[Items from a dataset]
----------------

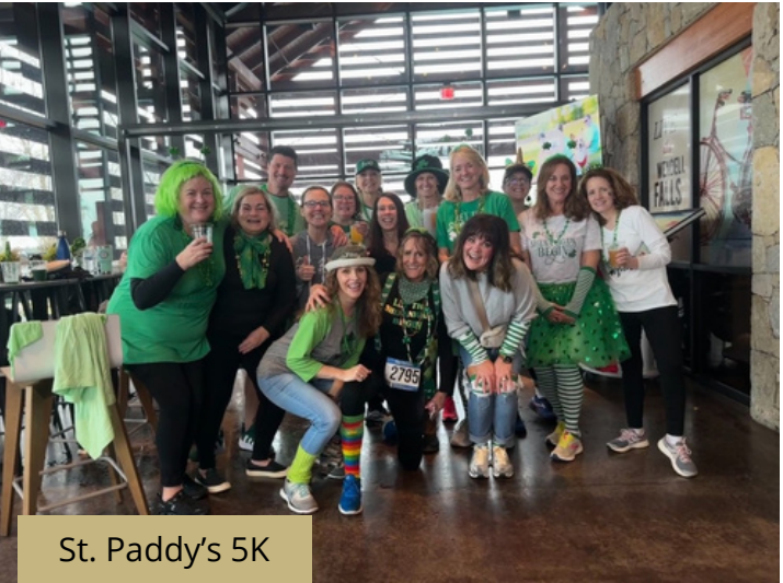
St. Paddy's 5K
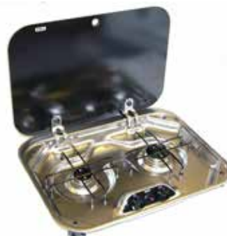
040321 SMEV 2 HOB With Flush Mounted Glass Lid
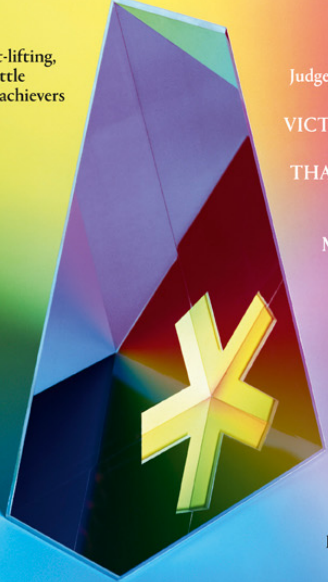
Who's a WAWA* winner? Our 2014 trophy, designed for us by Nendo

Eye-popping, spirit-lifting, gold star-worthy little wonders and high achievers
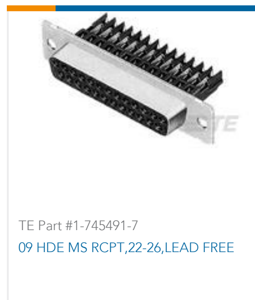
TE Part #1-745491-7 09 HDE MS RCPT,22-26,LEAD FREE
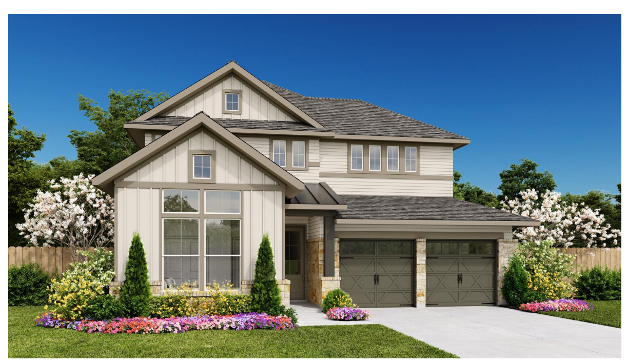
DESIGN 2458E E-50
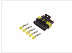
Female, 5 pins
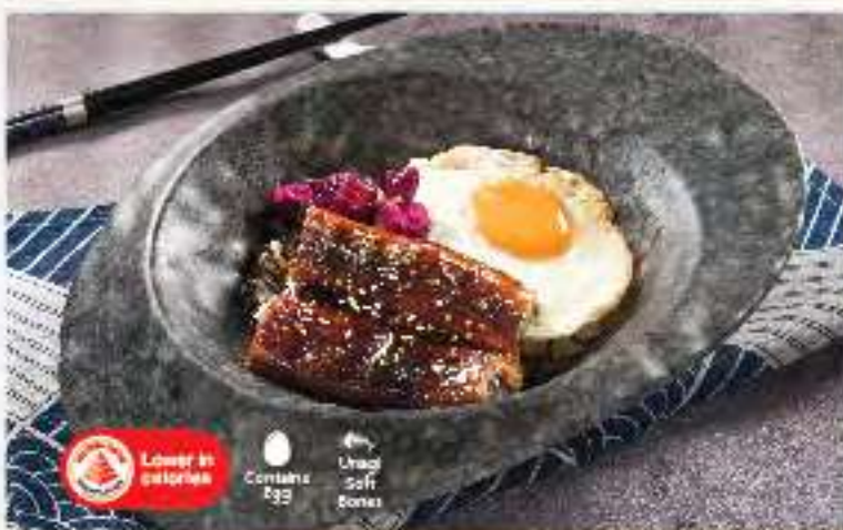
PD 10 うなぎたま丼 Unatama Don $16.0 Grilled river eel and sunny-side up on premium Vitamin E enriched Japanese rice
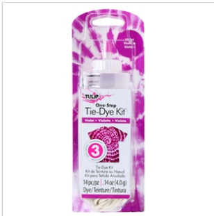
Tulip® One-Step Tie-Dye Kit® Violet (31681)
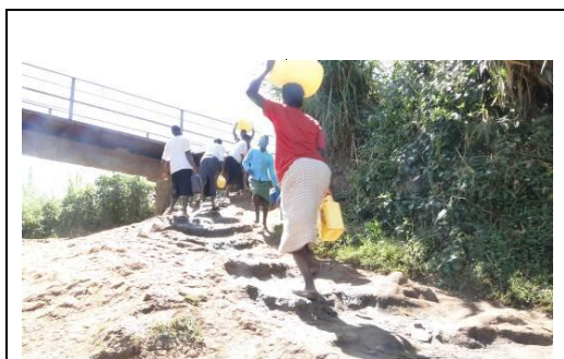
Photo 1. The drudgery of ferrying water from a spring before rehabilitation
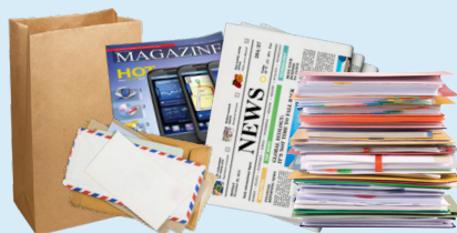
Junk Mail, Periodicals, & Office Paper (Paper bags, envelopes, & catalogs)
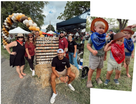
Summer Concert '24
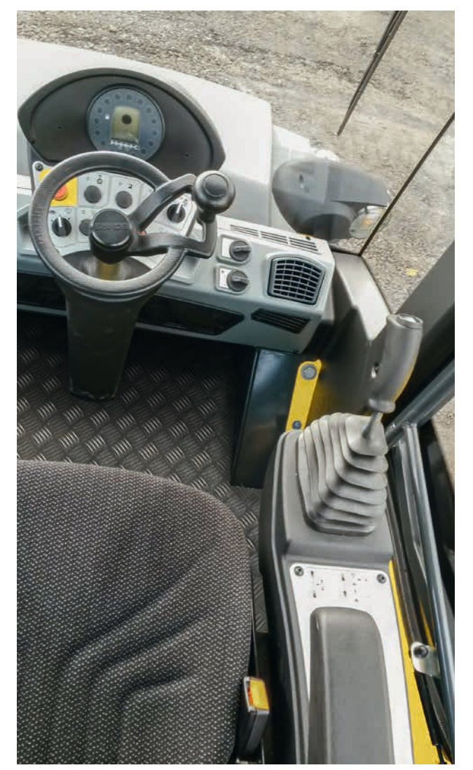
All important operating controls can easily be reached and selected. Every move is just right.

The state-of-the-art hydrostatic drive of the BW 11 RH-5 is in a class of its own. Whether driving fast or slow, on steep inclines or for high surface coverage: three speeds allow the right choice for any application.
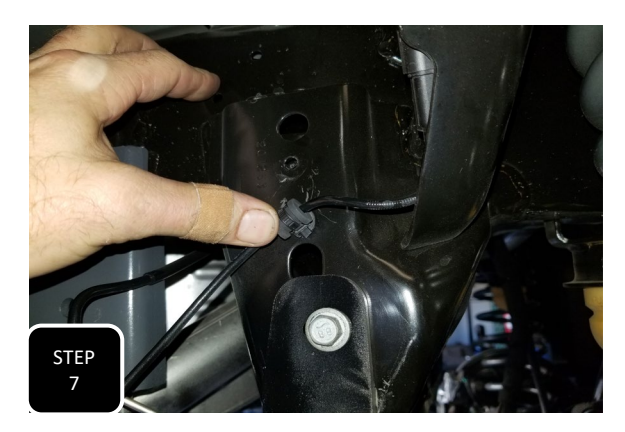
Step 7 Unbolt the brake line bracket at the frame on both sides so that the brake lines do not get over extended when installing the new coils. Next, pull the ABS line mounting clip from the side of the factory trac bar bracket and install it one hole down.
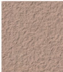
SOUTHERN BLUSH 1 LB 10134
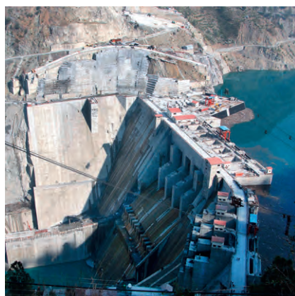
Baglihar Hydropower Project, India
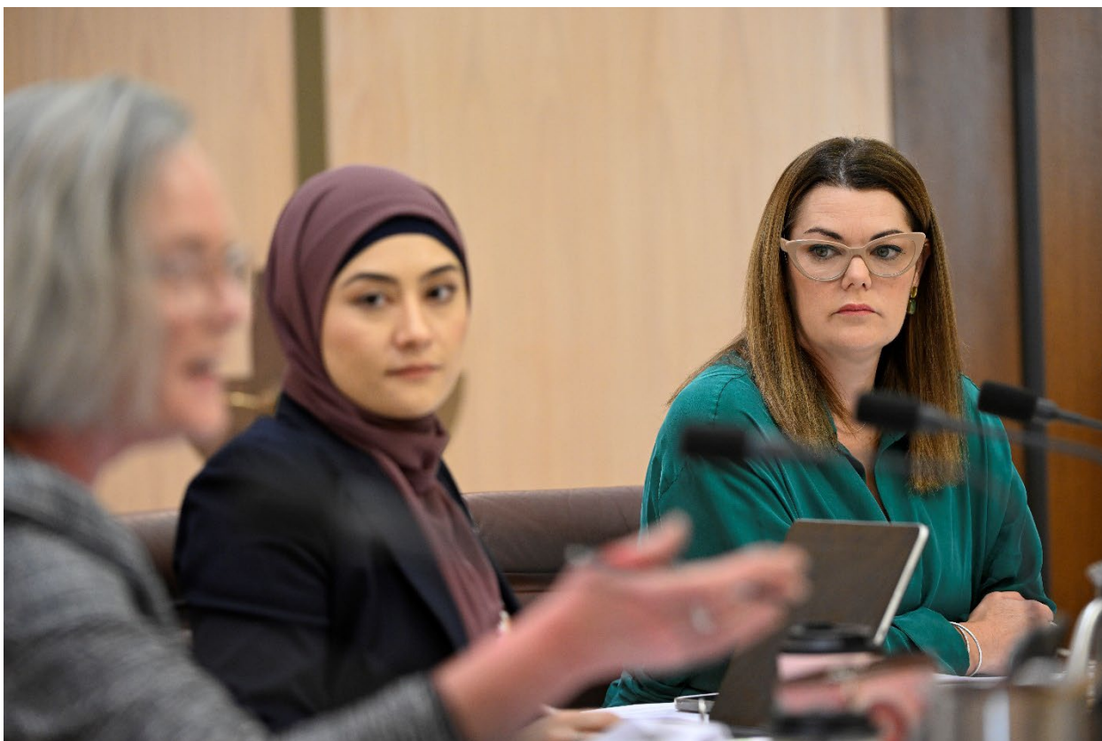
Senators Hanson-Young, Payman and Grogan during the Environment and Communications Legislation Committee public hearing into the provisions of the Water Amendment (Restoring Our Rivers) Bill 2023.

The practice of routinely referring bills to committees has given Senate committees a greater role in the consideration of legislation. A committee has no power to amend a bill referred to it, but it may recommend amendments or it may advise the Senate to agree to the bill without changes.

----------------

* [Assignment]: Output exactly the lines from the line with "All important operating" to the last line of the records, including both, and leave every picture out.

* [Solution to the exercise]:
All important operating controls can easily be reached and selected. Every move is just right.

The state-of-the-art hydrostatic drive of the BW 11 RH-5 is in a class of its own. Whether driving fast or slow, on steep inclines or for high surface coverage: three speeds allow the right choice for any application.
Step 7 Unbolt the brake line bracket at the frame on both sides so that the brake lines do not get over extended when installing the new coils. Next, pull the ABS line mounting clip from the side of the factory trac bar bracket and install it one hole down.
SOUTHERN BLUSH 1 LB 10134
Baglihar Hydropower Project, India
Senators Hanson-Young, Payman and Grogan during the Environment and Communications Legislation Committee public hearing into the provisions of the Water Amendment (Restoring Our Rivers) Bill 2023.

The practice of routinely referring bills to committees has given Senate committees a greater role in the consideration of legislation. A committee has no power to amend a bill referred to it, but it may recommend amendments or it may advise the Senate to agree to the bill without changes.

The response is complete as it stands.